The Crossing
She answered right away.
“Soto.”
“Lucia.”
“Harry, what’s up?”
Bosch had the caller ID on his phone blocked, so she still recognized his voice or remembered that he was the only one who called her Lucia. Everybody else called her Lucy or Lucky or Lucky Lucy, none of which she cared for.
“You going to get coffee?”
“You know me. It’s good to hear from you. How’s retired life?”
“Not so retiring, it turns out. I was wondering if you might do me a favor when you get back to the squad with your latte.”

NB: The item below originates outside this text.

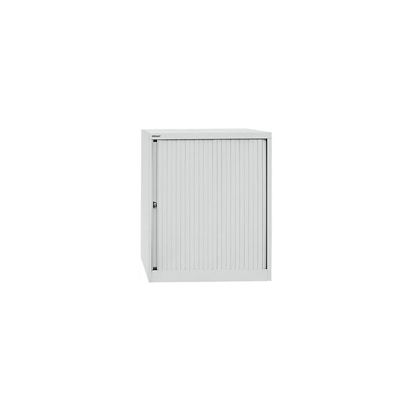 Armadio a serranda Euro, larghezza 800 mm, 2 ripiani, grigio chiaro. Fornitura = montato. Altezza = 1030 mm. Larghezza = 800 mm. Profondità = 430 mm. Colore corpo = grigio chiaro. Materiale corpo = lamiera d'acciaio, verniciata a polvere. Colore serranda = grigio chiaro. Caratteristiche = con serratura. Serratura = serratura a cilindro con 2 chiavi. Numero file raccoglitori = 2.5 pz. Materiale serranda = plastica. Dotazione interna = 2 ripiani. Numero ripiani = 2 pz. Portata per ripiano = 45 kg. Colore ripiani = nero notte. Tipo di porta = serranda orizzontale. Passo di regolazione altezza ripiani = 25 mm. Larghezza interna = 646 mm. Altezza interna = 900 mm. Profondità interna = 395 mm. Spessore ripiani = 23 mm. Spessore del corpo = 0.8 mm. Completi di ripiani in acciaio. Con serratura. Le serrande scompaiono completamente nel corpo. Maniglia a listello nel colore della serranda. Corpo in lamiera d'acciaio spessore 0,8 mm con verniciatura a polvere strutturata e piedini ad altezza

“Sure, Harry, what do you need?”
“Before I tell you, I want to be up front with you. I am looking into a case for my half brother.”
“The defense lawyer.”
“Yeah, the defense lawyer.”
“And he’s also the guy you’re using to sue the department.”
“That’s right.”
Bosch waited and there was a long pause before Soto responded.
“Okay. So what do you need?”
Bosch smiled. He knew he could count on her.
“I don’t need your help on the specific case I’m working but there is another case that I heard about that might be related in some way. I just need to get a line on it, find out what it is.”
He paused to give her a chance to shut it down but she said nothing. So far so good, Bosch thought. He’d had no doubt that she would do the favor for him but he didn’t want her to feel compromised or fear that he might put her in any departmental crosshairs. They had only talked a few times since he had walked out the door of the Open-Unsolved Unit the year before, never to return. When he had checked in with her after the first of the year to see how she was doing, he learned that she had already been hit with some of the blowback from his departure.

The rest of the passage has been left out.